▶ _Required action_: Print, exactly as they appear in the listing below, the lines from the line with "서울복지타임즈 이재연 기자" to the line with "Men’s water- and", with both end lines kept.

▶ _Records shown_:
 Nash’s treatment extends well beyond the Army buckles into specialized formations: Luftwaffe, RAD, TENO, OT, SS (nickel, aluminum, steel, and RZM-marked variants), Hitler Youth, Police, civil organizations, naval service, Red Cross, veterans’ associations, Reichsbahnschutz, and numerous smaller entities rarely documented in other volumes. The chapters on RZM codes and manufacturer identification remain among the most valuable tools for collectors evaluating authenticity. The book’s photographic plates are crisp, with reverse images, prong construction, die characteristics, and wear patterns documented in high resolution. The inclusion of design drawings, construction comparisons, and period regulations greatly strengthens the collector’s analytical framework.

==

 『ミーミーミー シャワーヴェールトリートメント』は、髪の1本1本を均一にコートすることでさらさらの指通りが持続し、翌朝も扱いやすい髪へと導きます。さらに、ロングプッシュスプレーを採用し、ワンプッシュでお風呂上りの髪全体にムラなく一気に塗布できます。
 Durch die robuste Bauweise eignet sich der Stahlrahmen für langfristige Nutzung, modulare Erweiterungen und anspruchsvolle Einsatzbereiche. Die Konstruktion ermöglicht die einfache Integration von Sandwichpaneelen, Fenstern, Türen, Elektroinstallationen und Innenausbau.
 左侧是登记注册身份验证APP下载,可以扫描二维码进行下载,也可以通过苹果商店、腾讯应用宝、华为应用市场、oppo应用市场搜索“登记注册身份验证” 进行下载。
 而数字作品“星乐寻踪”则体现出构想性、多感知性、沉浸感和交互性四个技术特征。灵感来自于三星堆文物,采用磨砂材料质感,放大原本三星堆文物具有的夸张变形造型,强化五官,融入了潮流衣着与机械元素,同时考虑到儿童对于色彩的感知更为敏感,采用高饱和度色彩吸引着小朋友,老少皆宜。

--

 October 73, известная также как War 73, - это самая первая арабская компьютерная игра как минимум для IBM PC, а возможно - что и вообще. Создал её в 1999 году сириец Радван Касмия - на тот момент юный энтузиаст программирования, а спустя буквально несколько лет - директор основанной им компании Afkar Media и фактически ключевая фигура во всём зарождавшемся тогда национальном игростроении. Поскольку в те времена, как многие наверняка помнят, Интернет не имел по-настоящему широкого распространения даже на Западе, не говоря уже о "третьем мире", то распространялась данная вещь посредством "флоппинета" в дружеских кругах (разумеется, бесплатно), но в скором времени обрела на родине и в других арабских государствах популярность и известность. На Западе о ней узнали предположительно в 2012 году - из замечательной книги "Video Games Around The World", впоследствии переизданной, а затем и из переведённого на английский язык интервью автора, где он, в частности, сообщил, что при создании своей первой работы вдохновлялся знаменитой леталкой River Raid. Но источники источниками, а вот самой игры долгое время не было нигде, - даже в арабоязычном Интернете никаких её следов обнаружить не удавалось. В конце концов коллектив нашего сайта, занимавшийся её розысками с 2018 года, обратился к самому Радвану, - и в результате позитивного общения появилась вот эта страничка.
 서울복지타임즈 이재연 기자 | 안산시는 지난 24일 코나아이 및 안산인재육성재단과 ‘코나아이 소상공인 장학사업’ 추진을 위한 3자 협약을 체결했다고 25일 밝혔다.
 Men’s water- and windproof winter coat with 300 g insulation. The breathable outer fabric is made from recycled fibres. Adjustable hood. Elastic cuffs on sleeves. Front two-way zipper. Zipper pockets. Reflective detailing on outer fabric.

▶ _Output_:
 서울복지타임즈 이재연 기자 | 안산시는 지난 24일 코나아이 및 안산인재육성재단과 ‘코나아이 소상공인 장학사업’ 추진을 위한 3자 협약을 체결했다고 25일 밝혔다.
 Men’s water- and windproof winter coat with 300 g insulation. The breathable outer fabric is made from recycled fibres. Adjustable hood. Elastic cuffs on sleeves. Front two-way zipper. Zipper pockets. Reflective detailing on outer fabric.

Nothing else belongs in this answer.